Secondo quanto riportato da Erodoto ogni trimestre lavoravano a turno centomila uomini. La costruzione della sola rampa processionale durò 10 anni:
«...opera certo non di molto inferiore alla piramide, per quanto a me sembra. (Ha infatti una lunghezza di 5 stadi, una larghezza di 10 orge e un'altezza, nel punto più alto, di 8 orge, ed è di pietra levigata e coperta di figure intagliate.)» (Erodoto, Storie, Libro II, 124)
Diodoro Siculo
Diodoro Siculo visitò l'Egitto nel 60 a.C. e anche lui menzionò le piramidi di Giza nella sua Bibliotheca historica. Secondo Diodoro ed Erodoto la più grande delle tre piramidi fu eretta in onore del secondo faraone della IV dinastia, che alcuni hanno riportato come Cheops, Sufis e Khufu (diversi nomi con cui è indicato Cheope). Anche Diodoro riporta che la costruzione della piramide durò 20 anni, ma secondo lo storico, l'imponente struttura della piramide fu realizzata mediante l'uso di terrapieni, poiché a quell'epoca non erano ancora state inventate macchine in grado di sollevare i blocchi di costruzione. Diodoro esprime inoltre la propria meraviglia del fatto che non sia rimasta alcuna traccia attorno alla piramide né del terrapieno, né del lavoro di levigatura dei blocchi, tanto che la piramide sembra essere stata collocata in quel luogo, in mezzo alla sabbia, "dalla mano di un dio". Secondo la testimonianza di Diodoro, il rivestimento della piramide era ancora in ottime condizioni, mentre descrive la parte superiore della piramide come una piattaforma di 6 cubiti (circa 3 metri), perciò molto probabilmente il pyramidion era già scomparso.
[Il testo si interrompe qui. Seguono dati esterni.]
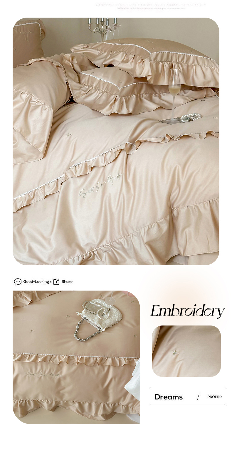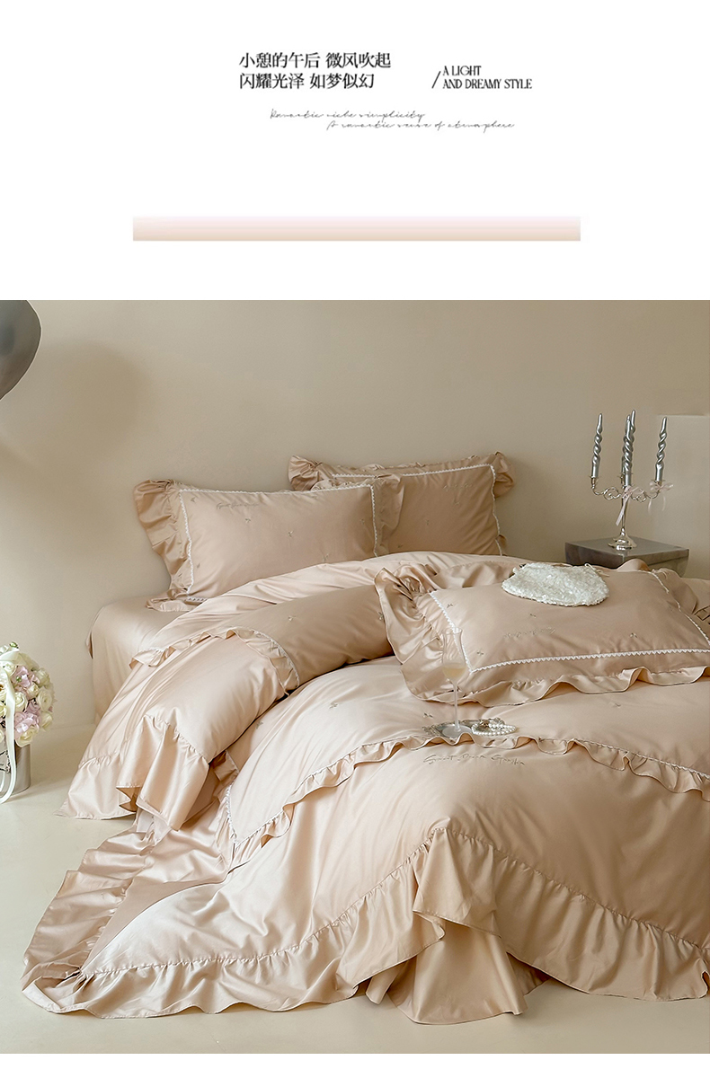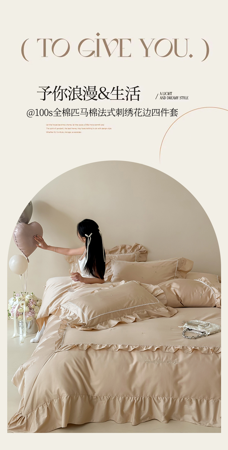 商品名称:红番天家居馆 2025新款全棉纯棉贡缎长绒棉法式刺绣花边四件套-蝶梦 蝶梦-浅香槟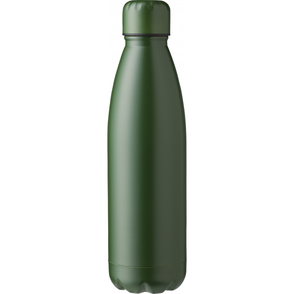 Rozsdamentes acél, szimplafalú palack matt bevonattal. Kristályszerkezet alapján belül 304-es, kívül: 201-es. Csomagolása barna papírdoboz. Űrtartalom: 750 ml. Emblémázás: Bögredekor, Gravírozás, Körszita, UV nyomtatás

La piramide è descritta con un lato di base di 7 plettri (210 m) e con un'altezza di più di 6 (circa 180 m). Il numero di lavoratori che sono stati necessari per la costruzione della piramide fu stimato in 360 000 uomini.
Strabone di Amasea
Strabone dedica il primo capitolo del libro XVII della Geografia all'Egitto ed è qui che vengono trattate le piramidi di Giza, annoverate tra le sette meraviglie del mondo. «A quaranta stadi da Memphis c'è un terrazzo roccioso sul quale le piramidi, tombe reali, si ergono in grande numero, ma tre sono quelle degne di nota. Di queste, due sono anche annoverate tra le sette meraviglie; la loro altezza, che è di poco superiore al lato di base (la forma è quadrangolare), misura uno stadio. Una è appena più grande dell'altra e in alto, quasi a metà di una faccia, reca un masso estraibile; rimuovendolo, c'è un budello sinuoso che porta fino alla camera mortuaria. Queste piramidi, dunque, sono vicine tra loro e allo stesso livello; più discosta, sulla parte più elevata del terrazzo, c'è la terza, molto più piccola delle altre due, ma costruita con una spesa molto più onerosa. Infatti dal piano di calpestio fin quasi alla metà è di pietra scura, la stessa con cui fabbricano i mortai e che si fa venire da molto lontano; si trova infatti nei monti dell'Etiopia ed è molto dura e difficile da lavorare; per questo la messa in opera risultò molto dispendiosa.» (Strabone di Amasea, Geografia, XVII 1, 33)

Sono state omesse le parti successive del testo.